[[ The input, beginning ]]
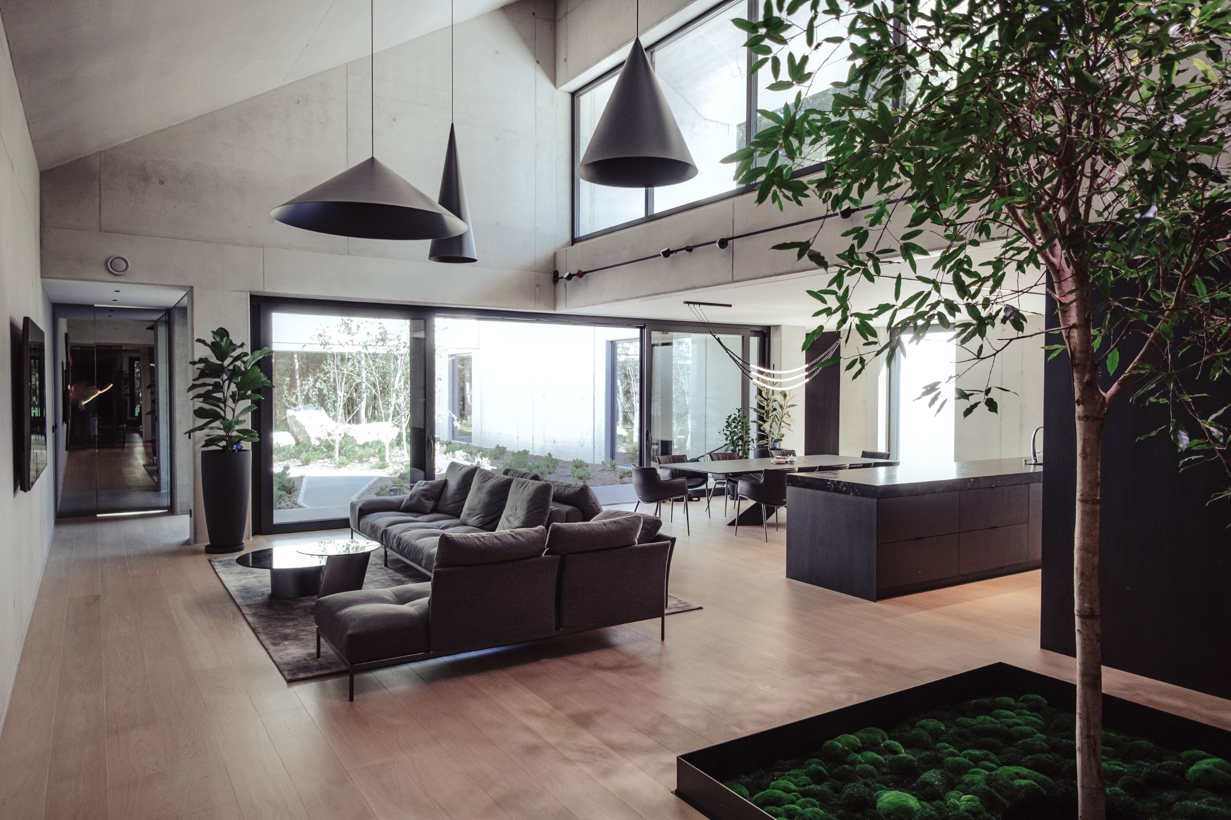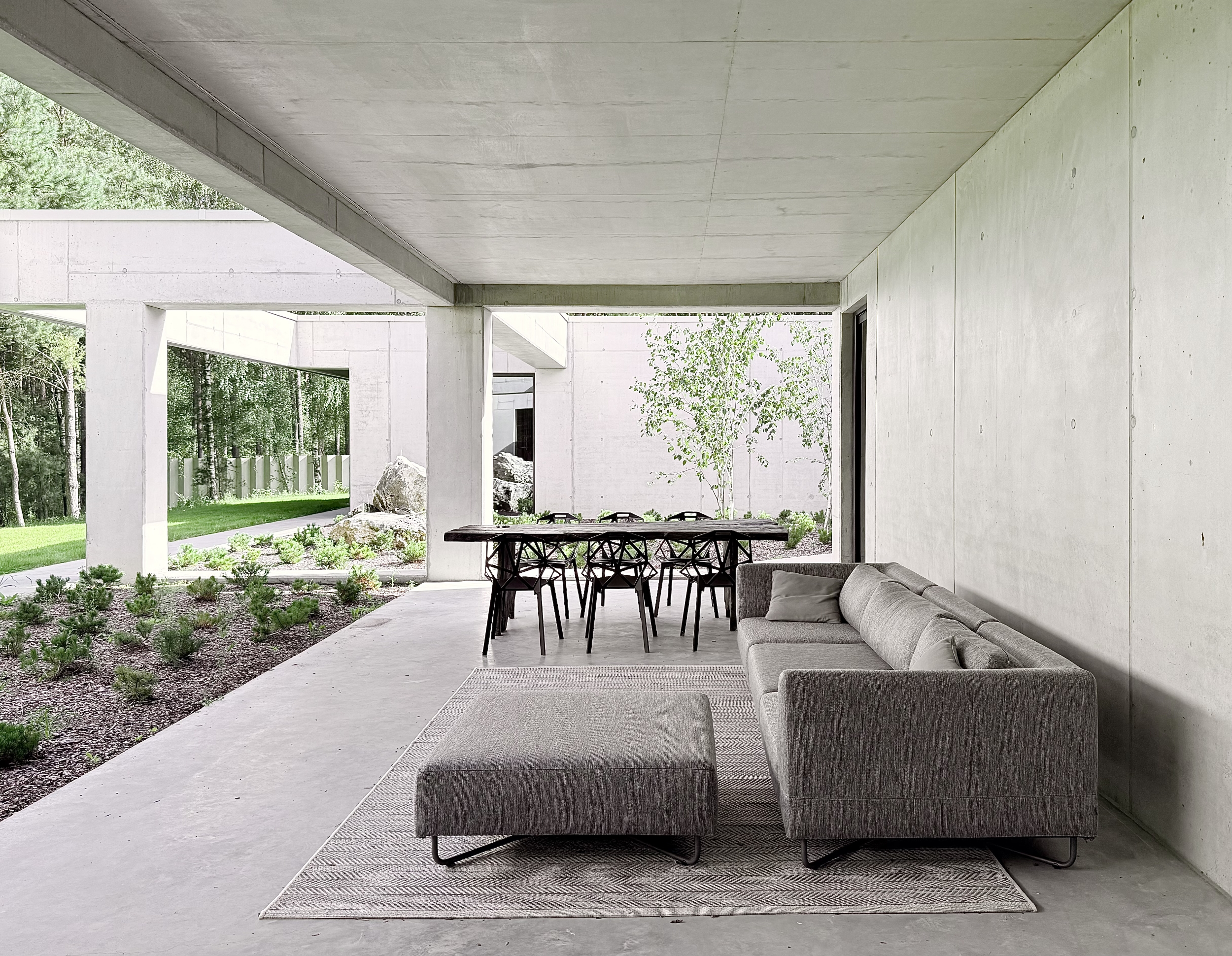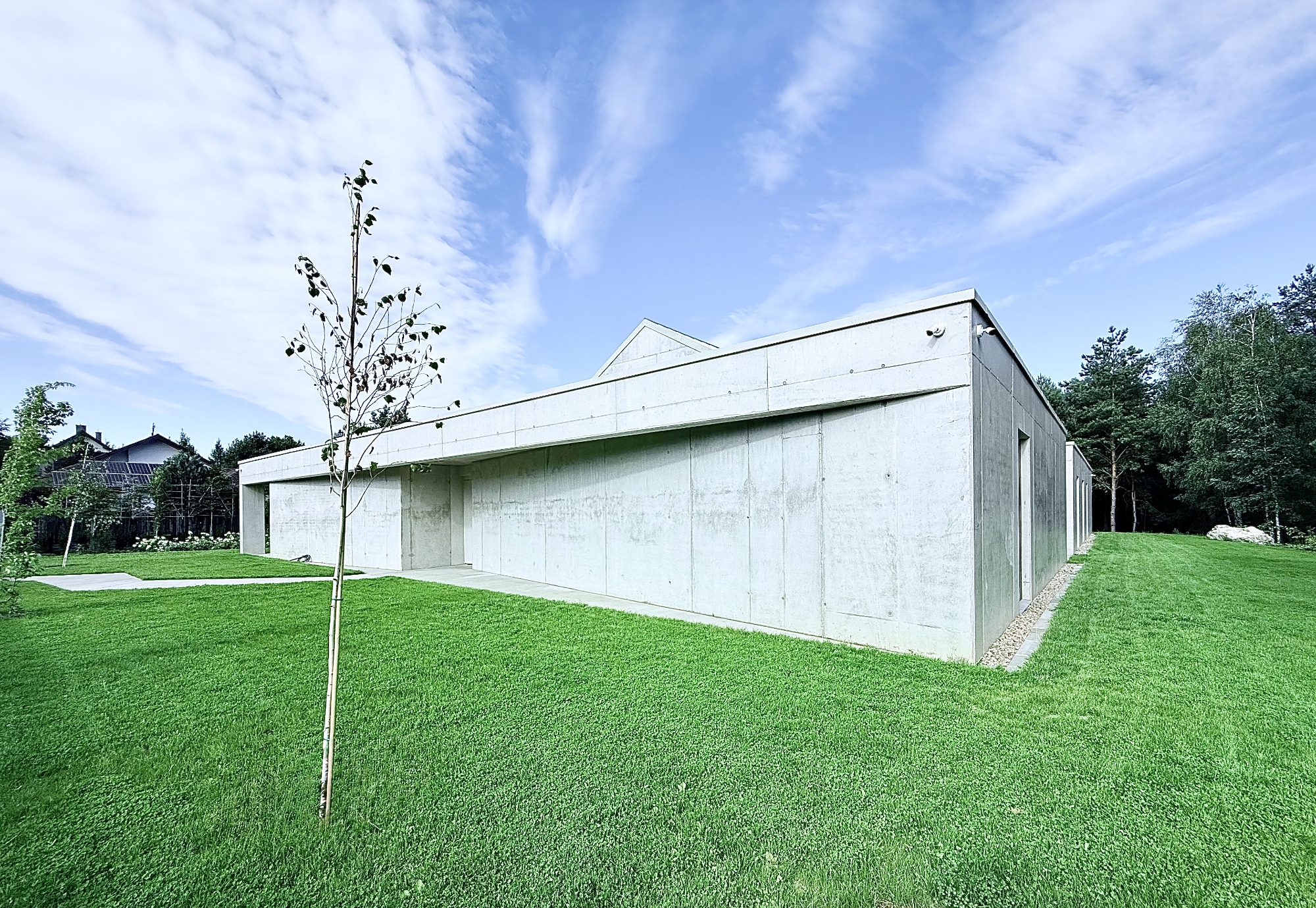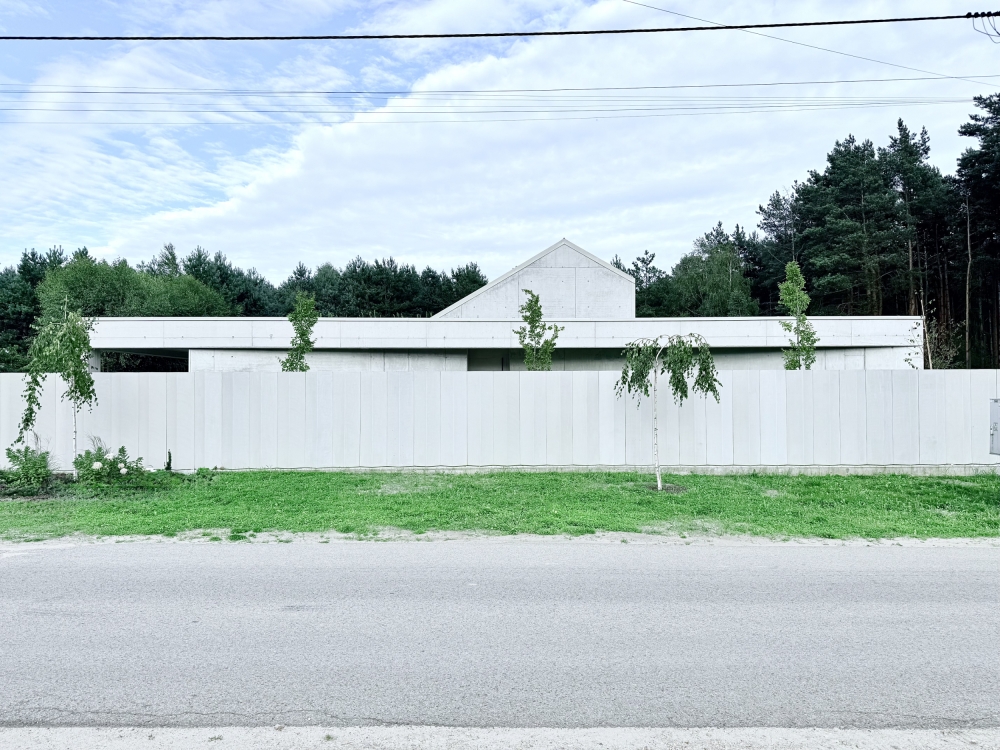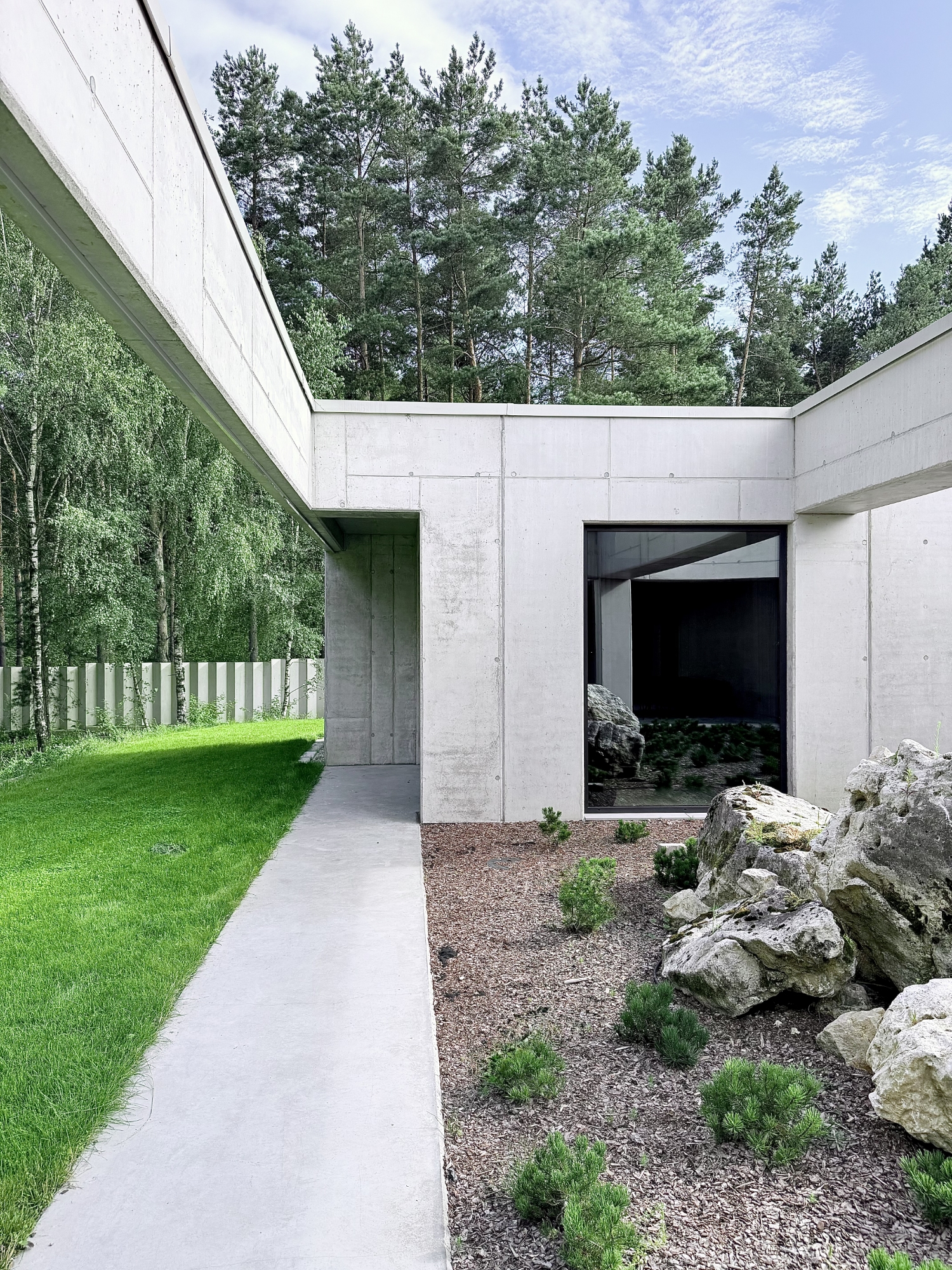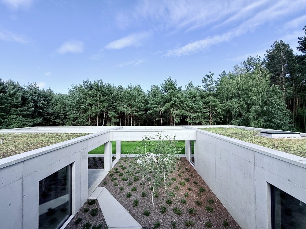 The idea of the project was to create still harsh unchanged monolith, referring to the rocks scattered in the region, which is constantly being complemented by the surrounding nature.The pictures around the house change in the rhythm of seasons, weather conditions, day and night cycles.Therefore the house interiors are flexibly exposed to the influence of the surrounding environment and adopt nature decorations through spacious windows and skylights.Images change cyclically giving the interiors unpredictable sets of colors and shades.Moving around the building you are welcome to admire different views and perspectives. Entrance to the house is located from the street side, the front elevation was broken inside indicating in a symbolic way its place. The house is similar to a broken rock, in the interior where, like in a cave, you can hide from the storm.The building's construction frame has appointed additional rooms outside. Green frames of the garden complement the raw architecture, allowing for a little reflection and meditation. Structural divisions, internal patios, green courtyards and terraces among the tops of the trees give the opportunity to rediscover the house.
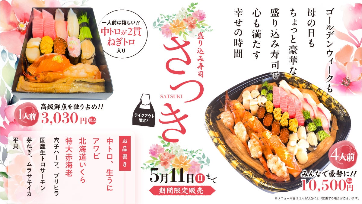 他にも、『うに軍艦』は260円(税込)、『のどぐろ塩炙り』は110円(税込)と贅沢ネタも特別価格でご用意しております!GWのご家族・ご友人との団らん時はもちろん、母の日のプチ贅沢にもぴったりのラインナップです。(※前述の金額はタイプA店舗価格となります。)
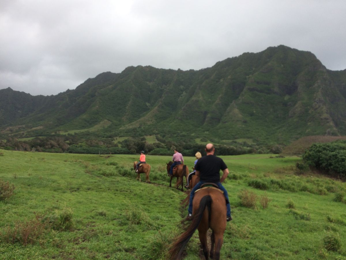 My family and I went to Gunstock Ranch for the 90 min ride. Our wrangler was Kate who was amazing! She took some time to aquaint us with our horses and determine our level of skill. Our horses were very well behaved, absolutely beautiful and healthy. Once we were all set, we headed on up the trail! Kate was very knowledgeable about the Ranch and Oahu history even though she had only been working there for 3 weeks. The ride was very peaceful and enjoyable. The view at the top was breathtaking, and Kate took a beautiful family photo for us at the top.
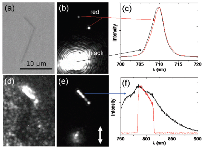 | 图3:银纳米线中传导的等离子激元激发量子点发光。 |
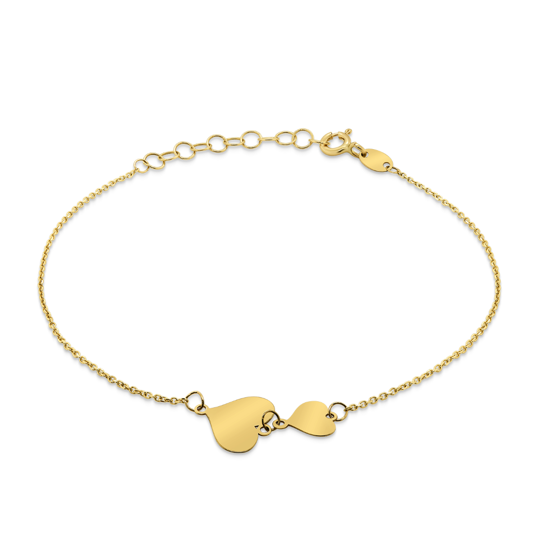 Brățară reglabilă din aur galben de 14K cu pandantive inimă.
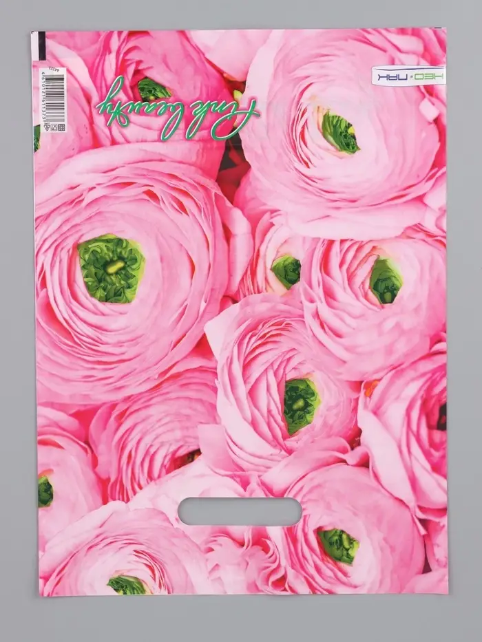 Пакет "Розовый букет, полиэтиленовый с вырубной ручкой 30х40 см, 60 мкм
[[ The input, end ]]
* [Exercise]:
Would you retype each line above exactly and skip every image?

* [Response area]:
 The idea of the project was to create still harsh unchanged monolith, referring to the rocks scattered in the region, which is constantly being complemented by the surrounding nature.The pictures around the house change in the rhythm of seasons, weather conditions, day and night cycles.Therefore the house interiors are flexibly exposed to the influence of the surrounding environment and adopt nature decorations through spacious windows and skylights.Images change cyclically giving the interiors unpredictable sets of colors and shades.Moving around the building you are welcome to admire different views and perspectives. Entrance to the house is located from the street side, the front elevation was broken inside indicating in a symbolic way its place. The house is similar to a broken rock, in the interior where, like in a cave, you can hide from the storm.The building's construction frame has appointed additional rooms outside. Green frames of the garden complement the raw architecture, allowing for a little reflection and meditation. Structural divisions, internal patios, green courtyards and terraces among the tops of the trees give the opportunity to rediscover the house.
 他にも、『うに軍艦』は260円(税込)、『のどぐろ塩炙り』は110円(税込)と贅沢ネタも特別価格でご用意しております!GWのご家族・ご友人との団らん時はもちろん、母の日のプチ贅沢にもぴったりのラインナップです。(※前述の金額はタイプA店舗価格となります。)
 My family and I went to Gunstock Ranch for the 90 min ride. Our wrangler was Kate who was amazing! She took some time to aquaint us with our horses and determine our level of skill. Our horses were very well behaved, absolutely beautiful and healthy. Once we were all set, we headed on up the trail! Kate was very knowledgeable about the Ranch and Oahu history even though she had only been working there for 3 weeks. The ride was very peaceful and enjoyable. The view at the top was breathtaking, and Kate took a beautiful family photo for us at the top.
 | 图3:银纳米线中传导的等离子激元激发量子点发光。 |
 Brățară reglabilă din aur galben de 14K cu pandantive inimă.
 Пакет "Розовый букет, полиэтиленовый с вырубной ручкой 30х40 см, 60 мкм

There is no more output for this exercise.